When asked whether he had said things at school that people might have objected to,
he replied: Without a shadow of a doubt.And without a shadow of a doubt, I'll say things tonight on this stage that some people will object to and use pejorative terms.
In some ways, that is actually what open free speech is all about. People don't like certain things.
I'm not sorry, I'm sorry because I don't think I did something that specifically hurt anyone," Farage answered when asked if he'd apologize to the people who said he had screamed out for them.

Farage, an MEP from 1999 to 2020, was also asked about his former UKIP MEP colleague Nathan Gill, who was suspended for ten and a half years last Friday after admitting to taking bribes to make pro-Russian interviews and statements while an MEC. Gill first became a UKIP MEP in 2014, then became firmly associated with the party as it entered Reform UK in 2020, and becoming the party's leader in 2021, but he failed to be re-elected shortly afterwards. Gill was briefly. Leader of Reform Wales in Llandudno, north Wales, according to Farage, who spoke at a Reform UK rally. Gill's

taking bribes is of course an absolute and complete disgrace,
he said. We condemn his conduct and deny him anything.If he wanted to look into any other Russian links within his organisation, he said no, I'm not a police force, I haven't got the funds,says Farage in a separate interview.He said he thinks there should be a larger probe into Russian and Chinese meddling in British politics, and that MI5 should investigate it.

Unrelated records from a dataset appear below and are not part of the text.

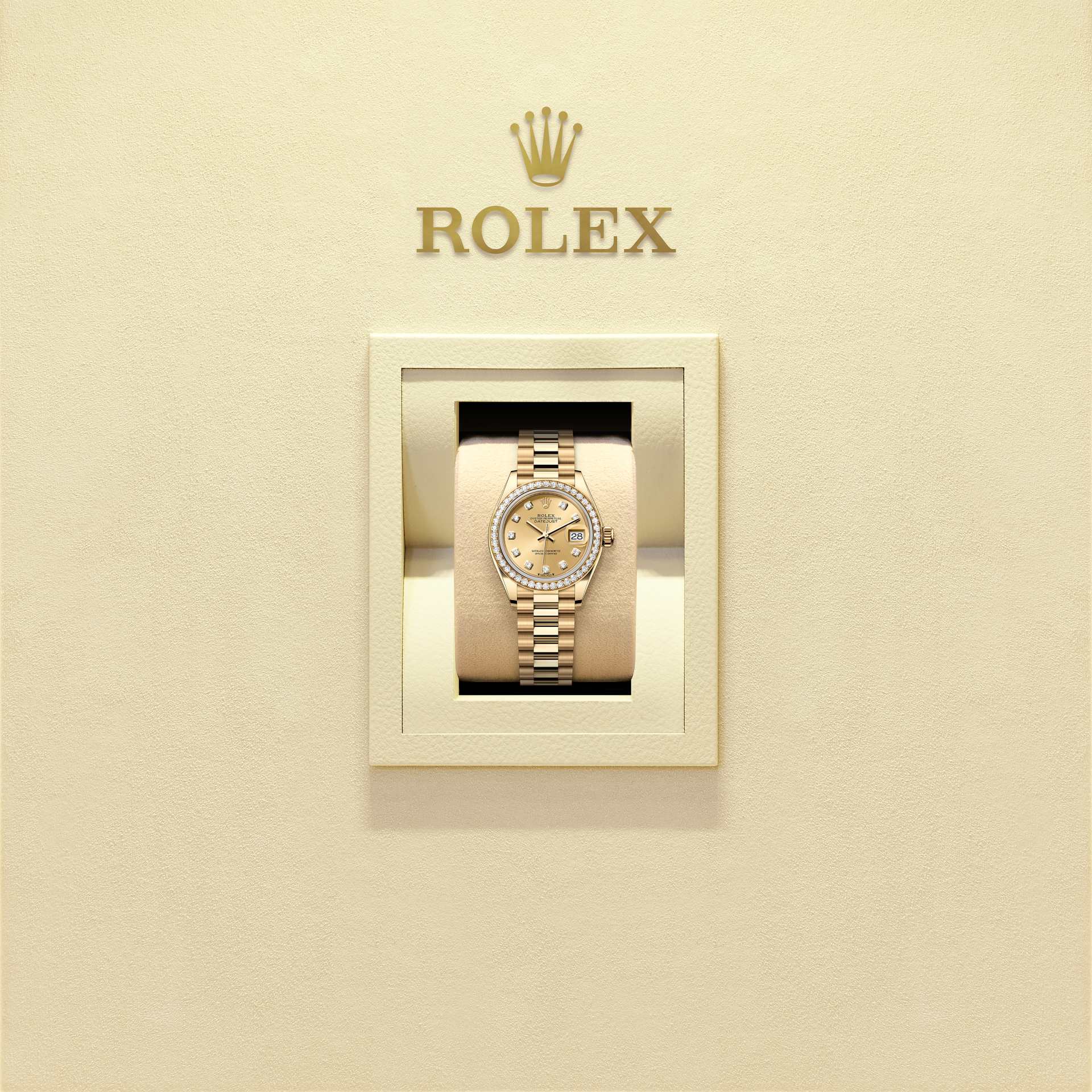 이 18캐럿 옐로우 골드 소재의 오이스터 퍼페츄얼 레이디-데이트저스트 모델은 샴페인 컬러, 다이아몬드 세팅 다이얼과 프레지던트 브레슬릿을 갖추고 있습니다.
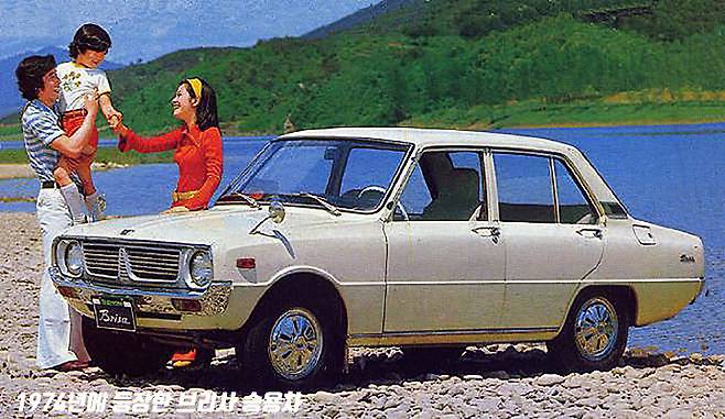 이 시기에는 기아산업에서도 소형 승용차를 개발하기 시작해서 1974년에는 마쓰다에서 들여온 소형 세단 파밀리아를 브리사(Brisa; 스페인어로 산들바람)라는 이름으로 내놓습니다. 985cc배기량이었던 브리사는 1,200cc 엔진의 포니가 나오기 전까지 자가용과 택시로 팔리면서 거의 국민차와 같은 역할을 했습니다.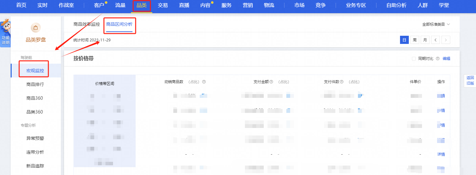 生意参谋-品类-宏观监控-商品区间分析-按价格带-采集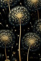 Een digitaal schilderij van gouden paardenbloemen . Dit werk is geïnspireerd door de vormen en het kleurenpallet van de Art Deco beweging. Het werk geeft een dromerige en klassieke uitstraling aan uw interieur!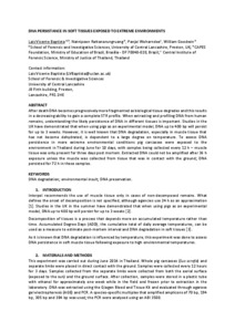 Baptista, Lais Vicente orcid iconORCID: 0000-0003-0410-7895, Rattanarungruang, Natnipoon, Woharndee, Panjai and Goodwin, William H orcid iconORCID: 0000-0002-3632-3552 (2015) DNA persistance in soft tissues exposed to extreme environments. Forensic Science International Genetics Supplement Series, 5 . e216-e217. ISSN 1875-1768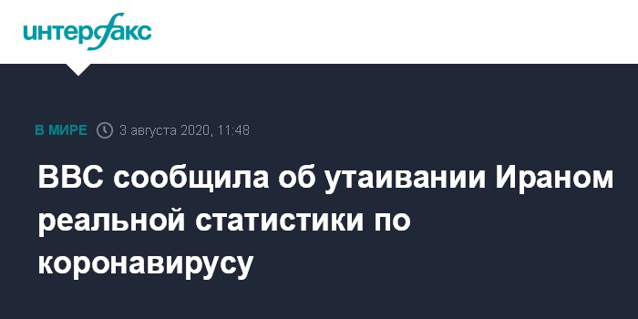Москва. 3 августа. INTERFAX.RU - Руководство Ирана утаило реальную статистику по заражениям и смертям инфицированных коронавирусом, настоящие цифры выше в два-три раза, сообщает в понедельник персидская служба BBC со ссылкой на данные, полученные от информированного источника.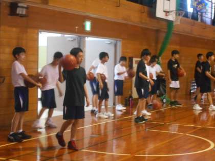 午後からの男子バスケットボール部の様子です。蒸し暑い中での練習でしたが、部員は集中力を切らさず、取り組んでいました。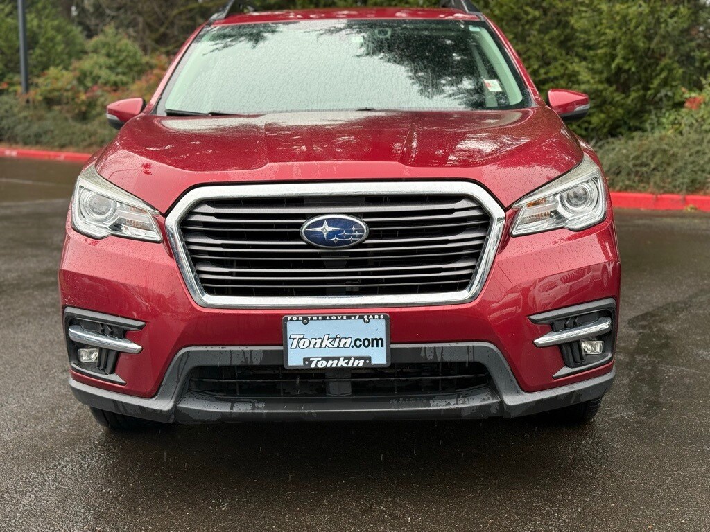 2019 Subaru Ascent Limited Crimson Red Pearl 2.4L DOHC 20" Alloy Wheels, 3rd row seats: bench, 4-Wheel Disc Brakes, 6 Speakers, ABS brakes, Air Conditioning, All-Weather Floor Liners, Alloy wheels, AM/FM radio: SiriusXM, Auto High-beam Headlights, Auto-Dimming Exterior Mirror w/Approach Light, Auto-dimming Rear-View mirror, Automatic temperature control, Axle Ratio: 4.44, Brake assist, Bumpers: body-color, Cargo Cover, Cargo Tray, CD player, Compass, Delay-off headlights, Driver door bin, Driver vanity mirror, Dual front impact airbags, Dual front side impact airbags, Electronic Stability Control, Emergency communication system: STARLINK Safety and Security, Exterior Parking Camera Rear, Four wheel independent suspension, Front anti-roll bar, Front Bucket Seats, Front Center Armrest, Front dual zone A/C, Front fog lights, Front reading lights, Fully automatic headlights, Garage door transmitter: HomeLink, Heated door mirrors, Heated Front Bucket Seats, Heated front seats, Heated rear seats, Heated steering wheel, Illuminated entry, Knee airbag, Low tire pressure warning, Memory seat, Occupant sensing airbag, Outside temperature display, Overhead airbag, Overhead console, Panic alarm, Passenger door bin, Passenger vanity mirror, Perforated Leather-Trimmed Upholstery, Popular Package #4, Power door mirrors, Power driver seat, Power Liftgate, Power passenger seat, Power steering, Power windows, Radio data system, Radio: Subaru STARLINK 8.0" Multimedia Plus System, Rear air conditioning, Rear anti-roll bar, Rear Bumper Cover, Rear reading lights, Rear Seatback Protector, Rear window defroster, Rear window wiper, Remote keyless entry, Roof rack: rails only, Security system, Speed control, Splash Guards, Split folding rear seat, Spoiler, Standard Model, STARLINK/Apple CarPlay/Android Auto, Steering wheel mounted audio controls, Tachometer, Telescoping steering wheel, Tilt steering wheel, Traction control, Trailer Hitch, Trip computer, Variably intermittent wipers.
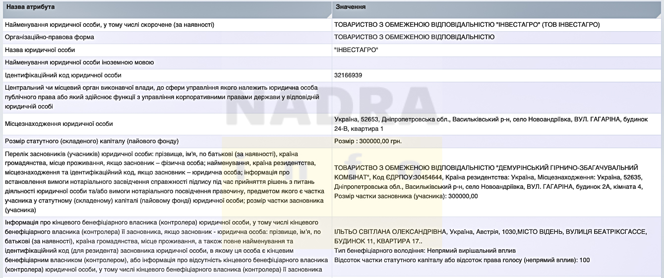 А от кінцевим бенефіціарним власником компанії ТОВ «ІнвестАгро», якою володіє ТОВ «Демурінський ГЗК» вказано Світлану Ільтьо: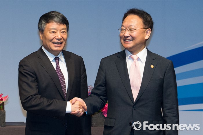 (서울=포커스뉴스) 유일호(오른쪽) 경제부총리 겸 기획재정부 장관과 쉬 사오스 중국 국가발전개혁위원회 주임이 27일 오전 서울 중구 신라호텔 영빈관에서 열린 제14차 한중경제장관회의에 참석해 악수하고 있다.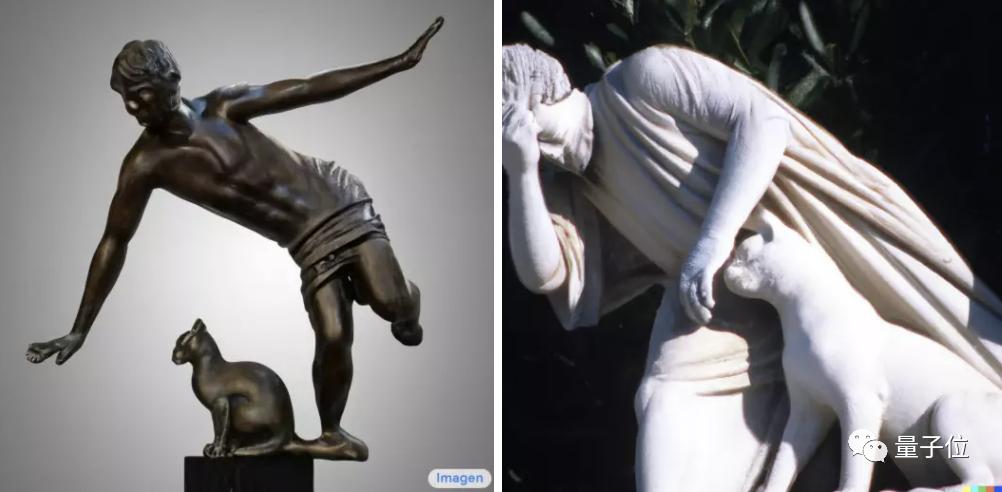 直接上图对比,左边是谷歌Imagen选手眼中的“猫猫绊倒人类雕像”,右边则是DALL·E 2选手的同题创作。
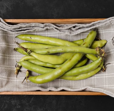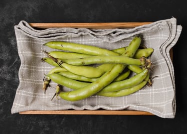 "Taze, dolgun taneli bakla. Zeytinyağlı ve sıcak yemekler için ideal kalite"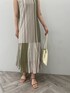 大好評のグラデーションシリーズに新色登場。 秋まで着まわせる落ち着いたオリーブカラーで大人っぽくコーディネート。 【ワンピース】 新色のオリーブは、落ち着いた色味なのでオトナっぽく涼しげな印象。 サラッとした糸を使用しているので肌あたりが良く気温の高い日も快適な着心地です!163cmでくるぶし上くらいの丈ですが、ベルトでアレンジしたりも可愛いので小柄な方にもぜひ着てみていただきたいです!高身長の方で丈がしっかり欲しい!という方はMサイズをおすすめします。 【バッグ】 シンプルなデザインなのでデザイン性のあるワンピースにも相性抜群。 500miペットボトルや長財布もすっぽり入る大きさです。 【サンダル】 柔らかいPVC素材なので履き心地◎ 安定感あるウッドヒールなので長時間履いていても足も痛くなりづらいです。 【ピアス】 存在感あるデザインがお気に入り。かなり大きめなのでコーデのポイントに。 【バングル】 腕に馴染むウェーブ型。手元まで一気にお洒落見え。

Farage said he was as confident as I can be that no one else in Reform past or present had done similar things to the former Welsh leader, referring to the issue as a very minor embarrassment for Reform.I'm very surprised about Gill
– he was in UKIP for a long time, but his time in reform was short, according to him.
I've had no contact with him, and no one in my leadership team has expressed any concern with him.
Asked if that meant he could not rule out the fact that there may be people in the party who may have spoken to him after his detention,
he said.
The Reform leader's refusal to deny that he made the remarks is uncalled for by someone who wants to be our next prime minister,
Responding to the allegations of bigotry during Farage's schooldays. The British people deserve a straight answer.It seems that the mask has disappeared, and the truth-of-the-case is that the fumes-Nigel is turning into
You can racially assault people without it being hurtful and insulting,
Nigel Farage said. Farage's Lord Mike Katz, a Labour peer and former Chair of the Jewish Labour Movement, called on Farage to come clean about the allegations, adding that
failure to do so would be yet more proof that Farage is clearly unfit for office.
Just when you thought Nigel Farage couldn't sink any lower, he's trying to say that abhorrent racial remarks, including vile antisemitic insults, doesn't "He seems to believe that you can racially hurt people without it being hurtful or insulting. Let's be crystal clear: you can't.